The conclusion that 10% of mental illness in women was caused by abortion was simply wrong, they wrote.

It’s not the first time Professor Coleman’s research has been subjected to this sort of criticism. For example, one paper coauthored by her and included in the current review, used data from the US National Comorbidity Survey to claim abortion contributed to increased risk of a range of mental health problems.

However, University of California researchers were unable to replicate the findings when they re-analysed the data, controlling for prior mental health issues and experience of violence.

Some will see these criticisms as further evidence of a conspiracy to hide the “real facts” about abortion, but if there’s one thing I’d agree with Professor Coleman on it’s that we do need high-quality, objective research in this area.

And it is essential that medical journals maintain those standards.

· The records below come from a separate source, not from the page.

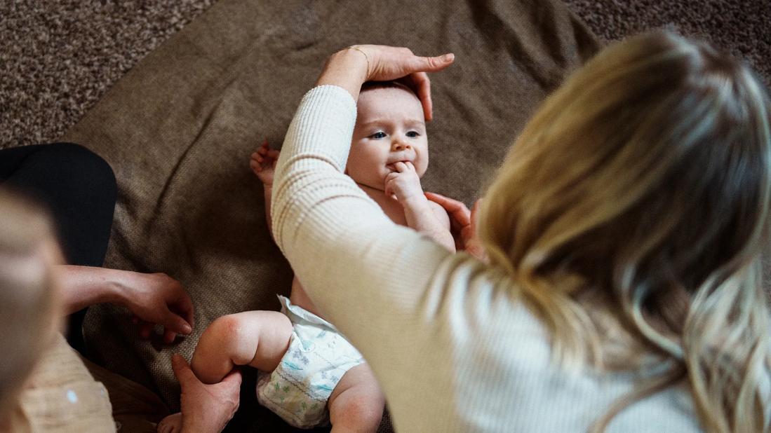 - Slowly help your baby turn their head to the right (cheek toward the floor).
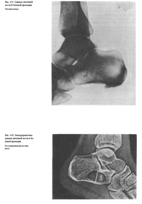При боковой проекции больного кладут на бок больной стороной вниз, здоровую ногу ему нужно вытянуть, а пораженную, немного согнув в колене, положить на функциональную поверхность стола. Тыльно-подошвенная проекция проводится также в лежачем положении. Пациент находится на спине, ноги выпрямлены, стопа согнута под углом 90 градусов. Чтобы ступня не опускалась, ее фиксируют специальными ремешками.
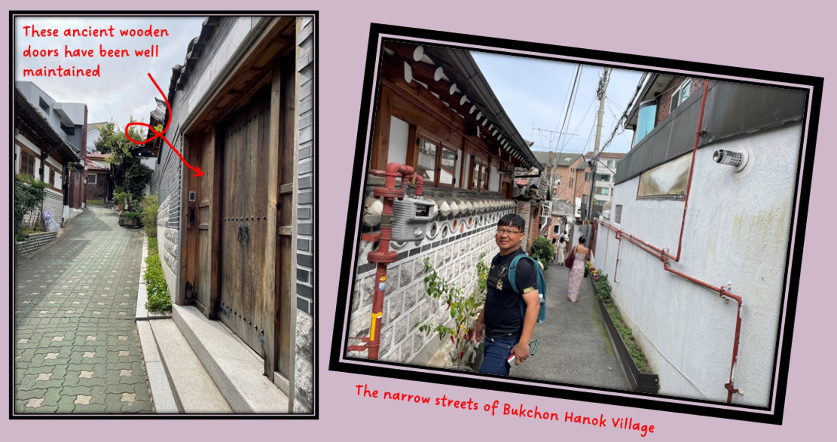 Apparently, this area received 6.4million visitors in the year 2024, making things a little bit uncomfortable for the residents that live here. Despite the rapid expansion of Seoul as a city, the charm of this area is that the old traditional buildings have been maintained, though upgraded with creature comforts like air conditioning and satellite TVs! Previously, there were artisans producing traditional arts and crafts, but we didn’t see them on this trip. Perhaps the trade is no longer profitable?
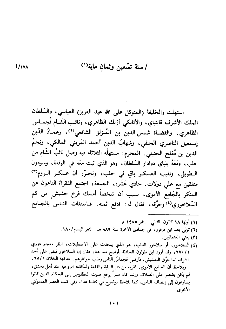 إستهلت والخليفة المتَوَكل على الله عبد الْعَزِيز العباسي وَالسُّلْطَان الْملك الْأَشْرَف قايتباي والأتابكي أزبك الظَّاهِرِيّ ونائب الشَّام قجماس الظَّاهِرِيّ والقضاة شمس الدّين بن المزلق الشَّافِعِي وعماد الدّين إِسْمَاعِيل الناصري الْحَنَفِيّ وشهاب الدّين أَحْمد المريني الْمَالِكِي وَنجم الدّين بن مُفْلِح الْحَنْبَلِيّ

Jane McCredie is a Sydney-based science and medicine writer.

Posted 26 September 2011

7 thoughts on “Jane McCredie: Abortion fact and fiction

  1. John says:

    I wouldn’t be too worried about abortion causing depression. The main problem with abortion is that it causes the death of thousands of Australians per year, the children in utero. If you want to be objective and scientific about it, why don’t you mention that fact? Why do we hold on to the ridiculous notion that if you are still in utero at 6 months (or whatever age) you somehow don’t count but if you are lucky enough to be born premature you are suddenly a “person”. Do you have any “serious concerns” about the methodology of that thinking? (or is bias OK if it agrees with your side of the argument?).

  2. Elliot says:

    Seems to me that the British Journal of Psychiatry should take some responsibility for publishing material which is so questionable. If that is the standard of their peer revewers it must be a lowly ranked journal.

  3. makadabr says:

    Dear John, the abortion debate revolving around when a foetus should be granted ethical rights and considered a person has been going on for years and will probably never be adequately resolved. Why try to bring this clearly contentious point into an argument about the soundness and validity of research? Yes, I have serious concerns about the methodology of your thinking. I’m not saying you are necessarily wrong, but you need to be able to acknowledge that I may be right.

  4. Been there says:

    As a healthy, educated woman in my early 40’s who had completed her family and found herself unexpectedly pregnant the decision to terminate was made in a considered and logical way, I still think it was the right decision, however I was unprepared for the grief, guilt and sadness that followed the termination. At the 12 month anniversary I was re visited by these emotions and having spoken to other women through a support line who had experienced this I believe it is more common that we think. Women hide these terminations and do not talk about them, our supports are cut off and its no wonder we suffer mental ilness as a result. Still sad every anniversary and its been 10 years now.

  5. James Currie says:

    @Been there
    I understand your grief. It’s inevitable after such a major decision.
    Unfortunately I have seen the consequences of backstreet abortion of an unwanted pregnancy.
    To watch a young woman die of gas gangrene in her uterus is not a pleasant experience

  6. Sue Ieraci says:

    In nearly every decision, we weigh risks and benefits. Yes, there is an emotional cost from having to make a decision to end a pregnancy, but what about the cost of unwanted pregnancy? What about the emotional and physical impact of enduring an unplanned pregnancy and raising a larger family? Despite unquestioned love for the resulting child, one cannot ignore the impact of parenthood.

  7. drphil says:

    This item highlights the impossibility of applying scientific method to the human psyche. A degree of pragmatism must come into evey woman’s (or man’s for that matter) life choices. There’s no 100% correct path, in this or many other life decisions. There will be psychic trauma whichever decision is made with an unplanned pregnancy. I have over 30 years experience in helping women with reproductive choices.